Social Service Sr. Simone Campbell poses with a bowl of shamrocks, a gift from the nation of Ireland to the United States, on March 17  at a St. Patrick's Day celebration at the White House in Washington, D.C. (Courtesy of Sr. Simone Campbell)
Just over a year ago, Sr. Simone Campbell left her position as executive director of the Catholic social justice lobby Network, a post that had made her one of the most prominent women religious in the United States.
So, what has the member of the Sisters of Social Service been up to since then? Quite a bit, which isn't a surprise to anyone who knows her.
But first, after 17 years at Network, she needed a break.
GSR: You left Network at the end of March 2021. How long did it take you to shift gears from that frenetic pace to something slower?
Campbell: I did a retreat, took a sabbatical, read trashy mysteries and then did some travel. But the biggest surprise was that I didn't know how tired I was. It took me a good long while to get rested.
I had worked flat-out through the 2020 election, then the transition, then Jan. 6 happened and all of the response to that, then preparing for the transition [to a new executive director] at Network. I was surprised in April and May how tired I was. Just being able to take a nap was amazing. It was like Wile E. Coyote going full blast and then falling off the cliff and bam! Nothing.

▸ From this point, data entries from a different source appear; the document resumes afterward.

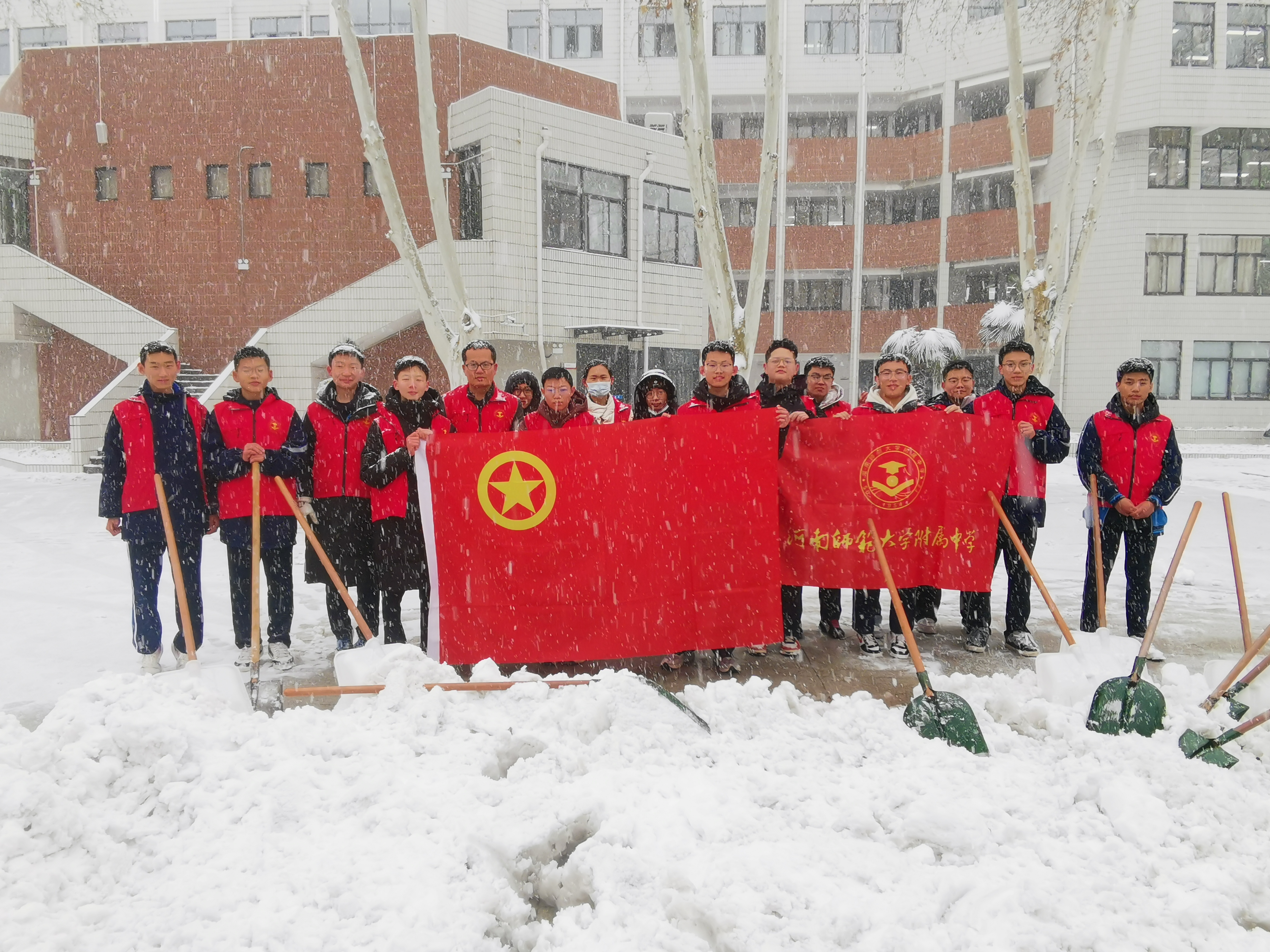 习近平总书记在致信祝贺中国志愿服务联合会第三届会员代表大会召开时强调,要“大力弘扬志愿精神传递真善美传播正能量,为强国建设民族复兴伟业贡献志愿服务力量”。我校高一年级此次扫雪志愿服务,正是对这一重要指示的校园践行。从守护校园平安的 “小服务”,到涵养志愿精神的 “大情怀”,师生们在付出中传递了真善美,在奉献中传播了正能量,让志愿服务精神在校园沃土中落地生根、开花结果。未来,学校也将继续以各类志愿服务活动为载体,引导更多师生投身志愿行列,将校园里的暖心善举延伸至更广阔的领域,为培育担当民族复兴大任的时代新人筑牢精神根基,为强国建设、民族复兴伟业汇聚起校园志愿服务的磅礴力量。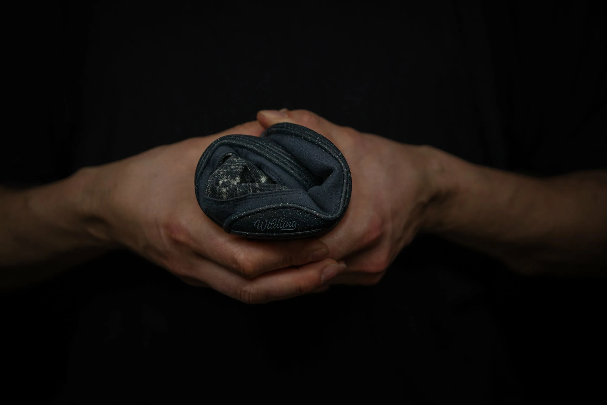 Der Print des Saker ist inspiriert von den Landschaften Kirgistans, den weiten Seen und ausdrucksstarken Strukturen der Felsen und Berge. Das Design bringt diese freie Natur in einen urbanen Kontext.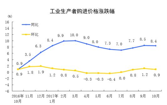人民網(wǎng)北京11月9日電(李楠樺)國(guó)家統(tǒng)計(jì)局官方網(wǎng)站公布數(shù)據(jù)顯示,2017年10月份,全國(guó)工業(yè)生產(chǎn)者出廠價(jià)格同比上漲6.9%,環(huán)比上漲0.7%。工業(yè)生產(chǎn)者購(gòu)進(jìn)價(jià)格同比上漲8.4%,環(huán)比上漲0.9%。1-10月平均,工業(yè)生產(chǎn)者出廠價(jià)格同比上漲6.5%,工業(yè)生產(chǎn)者購(gòu)進(jìn)價(jià)格同比上漲8.4%。qYM安康新聞網(wǎng)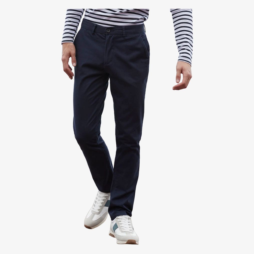 O chino leve masculino é uma calça stretch masculina sem prega na frente, equipada com dois bolsos traseiros com vivo e passadores para cinto. O fecho é com zíper e botão no cós, a barra é simples. A composição é 97 % algodão e 3 % elastano.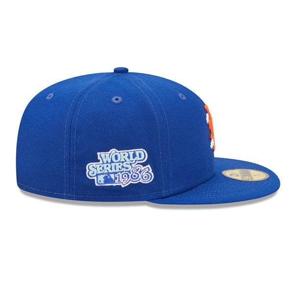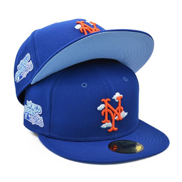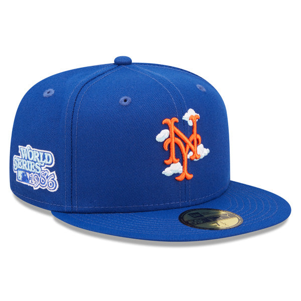 New York Mets 1986 World Series New Era Exclusive COMIC CLOUD 59Fifty Fitted Hat - Royal/Sky Bottom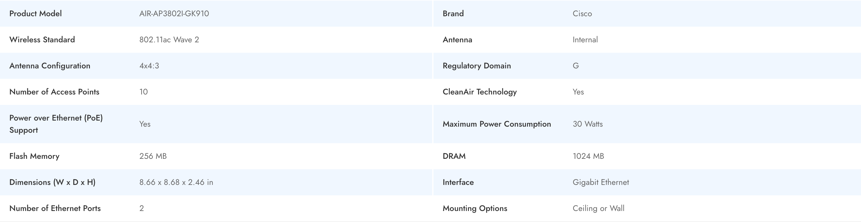 The Cisco AIR-AP3802I-GK910 is an enterprise-class access point engineered to deliver high-density Wi-Fi coverage for critical business environments. Leveraging 802.11ac Wave 2 wireless technology and an internal 4x4:3 antenna array, this Cisco access point supports advanced features, such as CleanAir technology for RF interference mitigation and robust Power over Ethernet (PoE) integration. With its gigabit Ethernet support and optimized form factor for ceiling or wall mounting, the AIR-AP3802I-GK910 is ideal for organizations demanding reliable and scalable wireless performance across diverse deployment scenarios.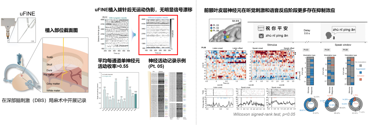 研究显示,团队在其中11名患者的多个皮层深度中成功分离出总计719个单神经元(Single units),并在单次记录中最高同时捕获了135个单神经元的活动。此外,借助该高密度记录技术,研究人员在患者执行“单词复述(听与说)”任务时,成功捕捉到了背外侧前额叶皮层(dlPFC)内单个神经元对感觉刺激和运动反应的异质性调控特征。这一成果充分证明了uFINE阵列作为临床神经生理学研究工具的巨大潜力,不仅为探索人类特有的复杂认知功能提供了全新的细胞级解析视角,也为未来脑机接口(BMI)技术在神经退行性疾病、精神障碍或脑损伤中的临床应用奠定了坚实的硬硬件基础。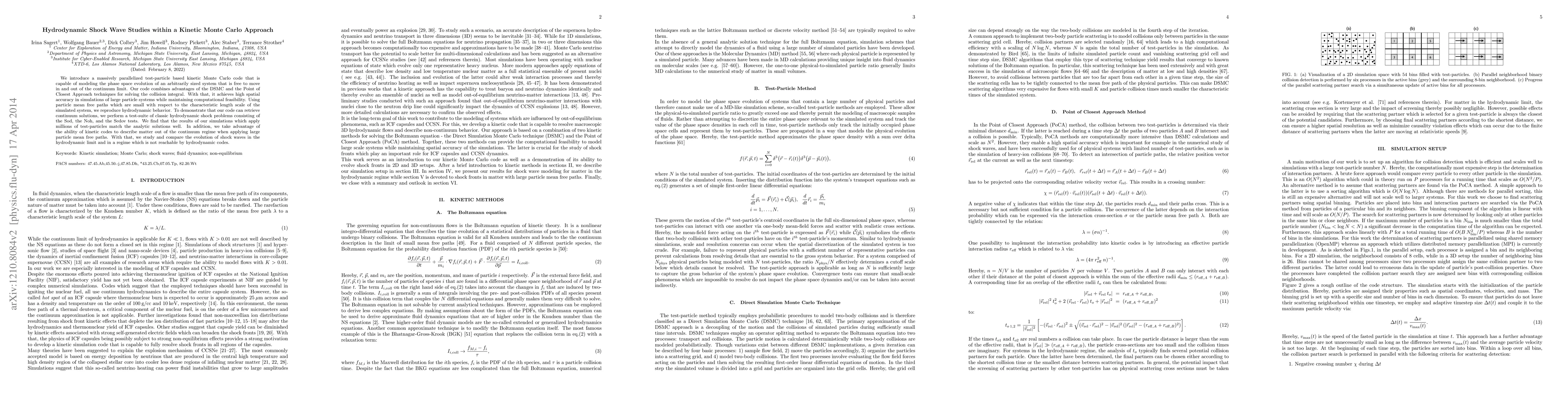 Kinetic approaches are routinely employed to simulate the dynamics of systems that are too rarified to be described by the Navier-Stokes equations. However, generally they are far too computationally expensive to be applied for systems that are governed by continuum hydrodynamics. In this paper, we introduce a massively parallelized test-particle based kinetic Monte Carlo code that is capable of modeling the phase space evolution of an arbitrarily sized system that is free to move in and out of the continuum limit. Using particle mean free paths which are small with respect to the characteristic length scale of the simulated system, we retrieve continuum behavior, while non-equilibrium effects are observed when the mean free path is increased. To demonstrate the ability of our code to reproduce hydrodynamic solutions, we apply a test-suite of classic hydrodynamic shock problems. Simulations using tens of millions of test-particles are found to reproduce the analytical solutions well.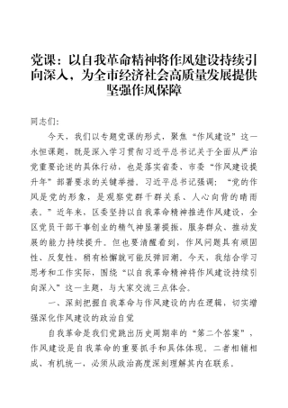 党课:以自我革命精神将作风建设持续引向深入,为全市经济社会高质量发展提供坚强作风保障.docx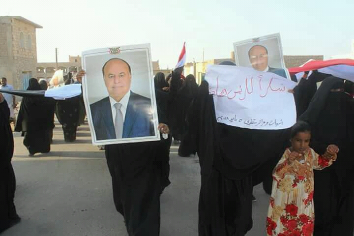 وفي الصور التي رصدها الميناء نيوز - رفعت المتظاهرات صورا للرئيس هادي والعلم الوطني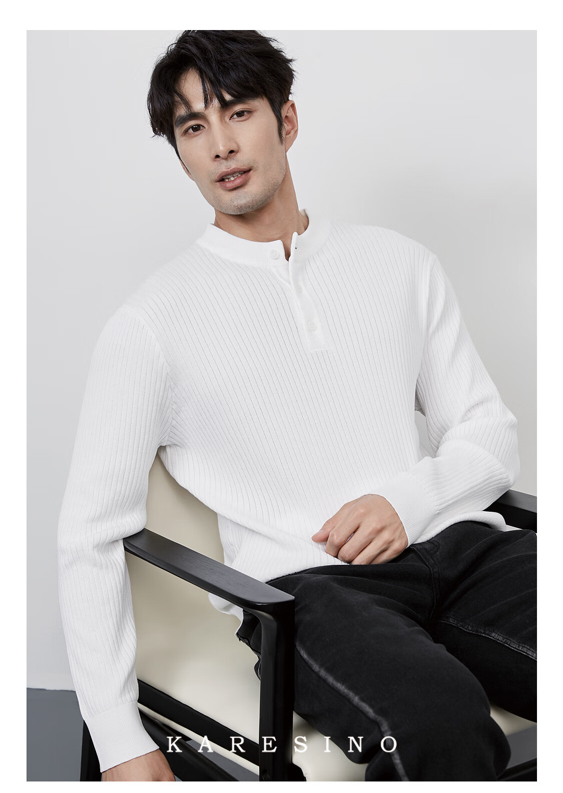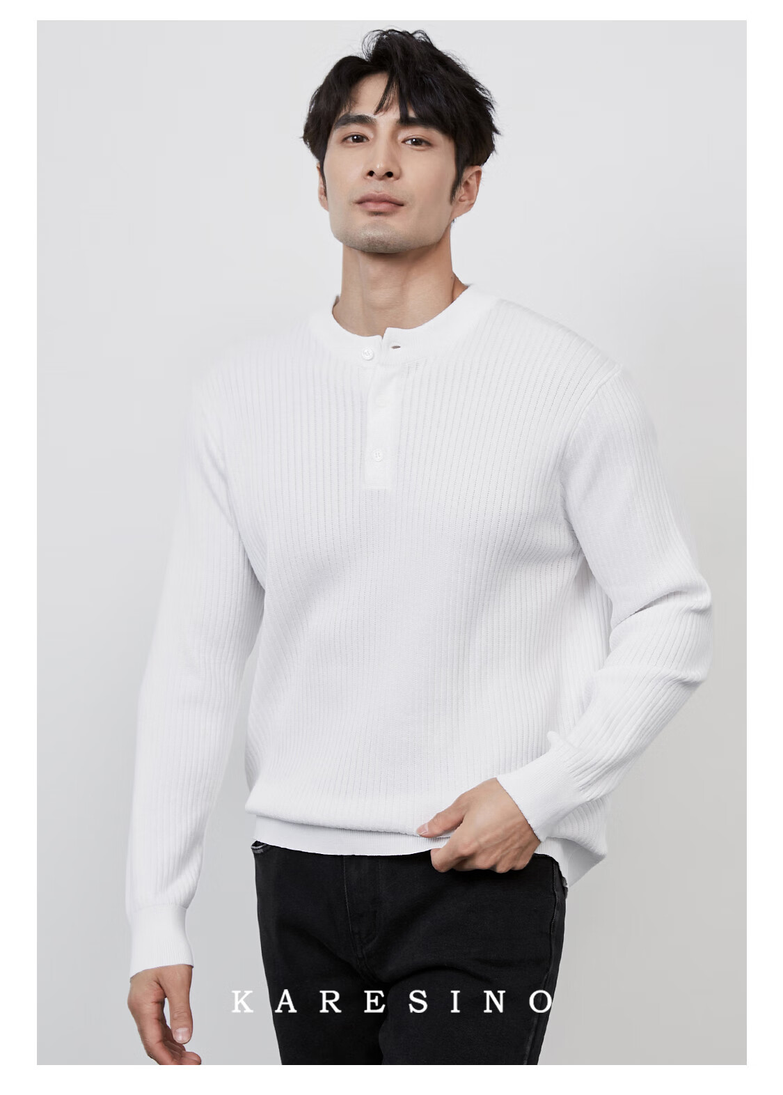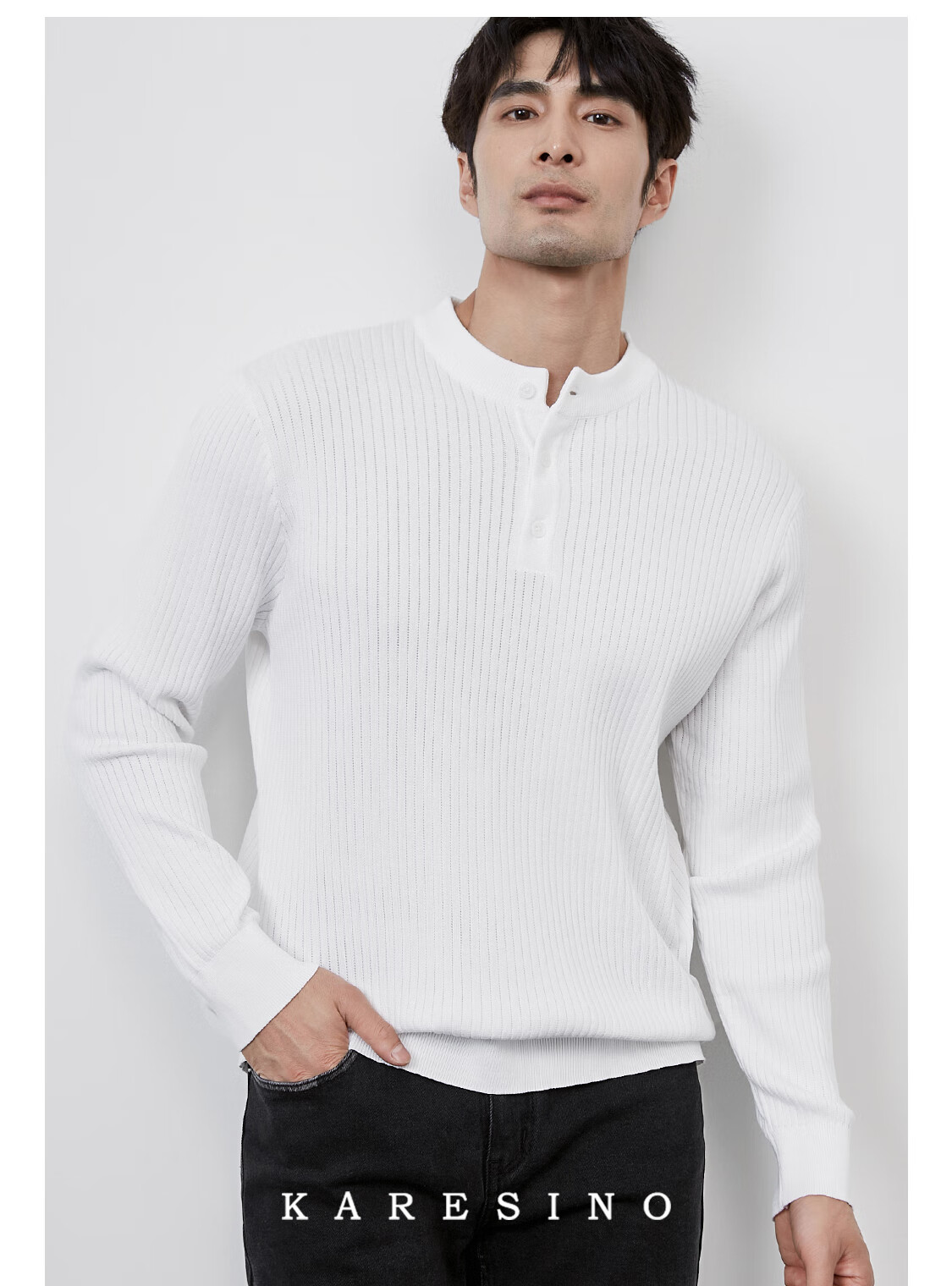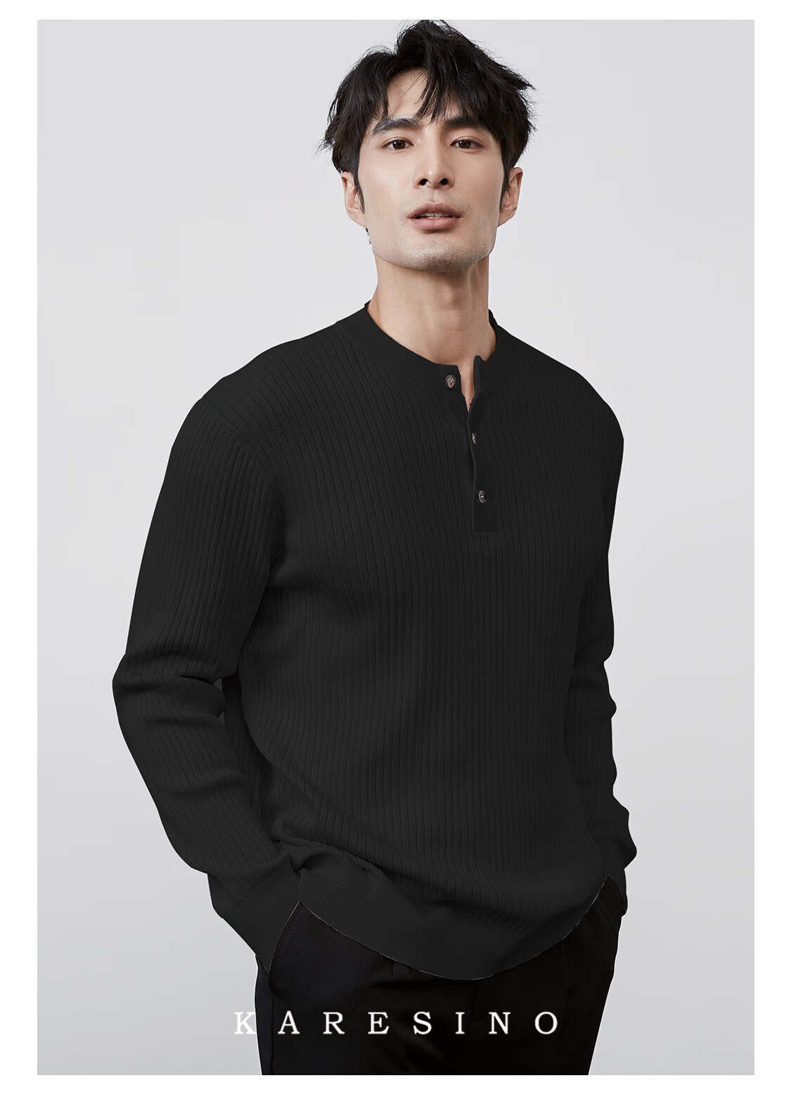 KARESINO autumn and winter high-end business Henry collar sweater slim casual all-match round neck sweater men's base shirt vegetable green M

Were you worn out spiritually?
One of the things about working at Network was that for me, it required a keen spiritual engagement, so I didn't feel spiritually weary before or after I left. I felt keenly engaged and spiritually grounded.
Social Service Sr. Simone Campbell, executive director of Network, addresses the second session of the Democratic National Convention on Sept. 5, 2012, in Charlotte, North Carolina. (CNS/Reuters/Jason Reed)
You wrote a book about how meditation helped you survive such a busy life. I assume you still meditate.
That definitely continues. That has been an anchor in this. When I decided my sabbatical was over at the end of August, I set my alarm clock for my usual 5 a.m., got up and did my meditation, and when I was done, it was 6 o'clock. Now what? I realized that even though my sabbatical was over, I could sleep in. So now, I get up at 6 o'clock.
How was the travel?
I got to meet my friends in Taizé, France. I was there two weeks, which was glorious. I didn't spend any time in Paris; I just went right to the countryside.
There was a lull in the COVID-19 pandemic, and France had opened up a little. I was able to get tested, and it was pretty easy when I got there, but leading up to that, I wasn't sure it would be possible, but it worked out.
I got to spend Pentecost with my community [in California] — that was a great renewal. But I was a 100,000-mile flyer on United for 10 years, so to not travel at all during the pandemic was tough.
I found that the thing I missed most during the pandemic was: When I'd travel, I'd meet all these people on the sidelines of the events, and they gave me all these other perspectives as they told their stories. Everyone hates having to use Zoom, but praise God for it — I can't imagine the pandemic without it.
So now that you've done your retreat and finished your sabbatical and travel, what are you up to?
I'm working on a project where we're trying to create dialogue between Democrats and Republicans. We're not trying to change anyone's mind; we're trying to strengthen the middle so we can meet across the divide. But [the group is] having an impossible time getting any conservatives to join.
We're calling it "Understanding US," and our effort is to work in small groups to get people to talk to people who think differently than they do, where you'll learn skills to talk to difficult people then go out and try it and come back and share what you learned. The idea is that even though you differ in politics, you have a sense of connectedness, and when you come back, you have an experience to share that is community building.
What got me into this was the impact of our rural roundtables in 2019 and 2020, which we did because the politics looked so divisive between urban and rural areas. One of the things that happened was there were people with different perspectives but a shared unity around geography. So, we're trying to bring people together with a defined common denominator. If there's a sense of unity to begin with, then where the differences are just emerge as part of the process rather than the defining feature.
When can we expect to see this?
We're going to start in Ohio with a test case. We're going to start by Zoom, but we're hoping by summer to be able to do it in person.
There's no funding. We're just doing it on our good looks so far. But we got a PR firm that's helping us do the branding and website. We hope to have that up by June.
We really wanted people from both sides, and people have been interested, but all the conservatives I've talked to said they would be involved, but they won't be on the leadership team or do anything public.
I think the need is strong enough, and as long as we stay faithful to the need, the Spirit will respond.